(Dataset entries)
=== Begin Enclosure ===

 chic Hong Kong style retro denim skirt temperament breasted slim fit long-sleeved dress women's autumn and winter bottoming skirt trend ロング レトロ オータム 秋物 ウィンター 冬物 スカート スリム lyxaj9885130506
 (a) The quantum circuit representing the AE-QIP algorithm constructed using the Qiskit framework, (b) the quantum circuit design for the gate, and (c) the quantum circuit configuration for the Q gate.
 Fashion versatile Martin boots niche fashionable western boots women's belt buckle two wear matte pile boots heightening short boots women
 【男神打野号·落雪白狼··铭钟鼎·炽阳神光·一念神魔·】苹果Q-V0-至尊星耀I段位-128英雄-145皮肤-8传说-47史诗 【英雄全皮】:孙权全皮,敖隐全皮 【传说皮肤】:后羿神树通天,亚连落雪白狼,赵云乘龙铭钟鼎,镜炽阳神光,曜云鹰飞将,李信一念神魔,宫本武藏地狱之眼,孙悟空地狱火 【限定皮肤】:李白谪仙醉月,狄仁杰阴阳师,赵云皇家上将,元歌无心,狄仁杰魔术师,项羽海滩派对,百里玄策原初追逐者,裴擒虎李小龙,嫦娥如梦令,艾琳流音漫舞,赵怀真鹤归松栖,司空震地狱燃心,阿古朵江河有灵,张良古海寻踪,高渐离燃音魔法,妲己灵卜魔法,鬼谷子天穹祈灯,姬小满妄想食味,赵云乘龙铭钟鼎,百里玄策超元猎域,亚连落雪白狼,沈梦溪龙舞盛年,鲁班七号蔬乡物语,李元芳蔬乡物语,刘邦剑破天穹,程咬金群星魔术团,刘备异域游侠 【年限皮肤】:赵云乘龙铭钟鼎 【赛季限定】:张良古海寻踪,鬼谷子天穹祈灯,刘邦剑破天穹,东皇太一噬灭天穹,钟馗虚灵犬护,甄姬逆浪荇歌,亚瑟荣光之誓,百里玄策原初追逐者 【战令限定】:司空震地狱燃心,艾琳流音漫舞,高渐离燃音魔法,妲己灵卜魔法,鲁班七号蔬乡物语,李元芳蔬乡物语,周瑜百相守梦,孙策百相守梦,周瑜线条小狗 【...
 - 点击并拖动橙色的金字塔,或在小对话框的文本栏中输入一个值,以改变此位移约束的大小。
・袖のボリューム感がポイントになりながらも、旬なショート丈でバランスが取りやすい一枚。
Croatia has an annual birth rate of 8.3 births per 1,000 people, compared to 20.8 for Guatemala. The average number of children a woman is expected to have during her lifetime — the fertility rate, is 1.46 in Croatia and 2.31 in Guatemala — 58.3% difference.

=== End Enclosure ===

◆ ASSIGNED TASK: The lines from the start of the entries above through the line containing "(a) The quantum" are the ones to return, please; copy them exactly and include both ends.

◆ TASK RESPONSE:
 chic Hong Kong style retro denim skirt temperament breasted slim fit long-sleeved dress women's autumn and winter bottoming skirt trend ロング レトロ オータム 秋物 ウィンター 冬物 スカート スリム lyxaj9885130506
 (a) The quantum circuit representing the AE-QIP algorithm constructed using the Qiskit framework, (b) the quantum circuit design for the gate, and (c) the quantum circuit configuration for the Q gate.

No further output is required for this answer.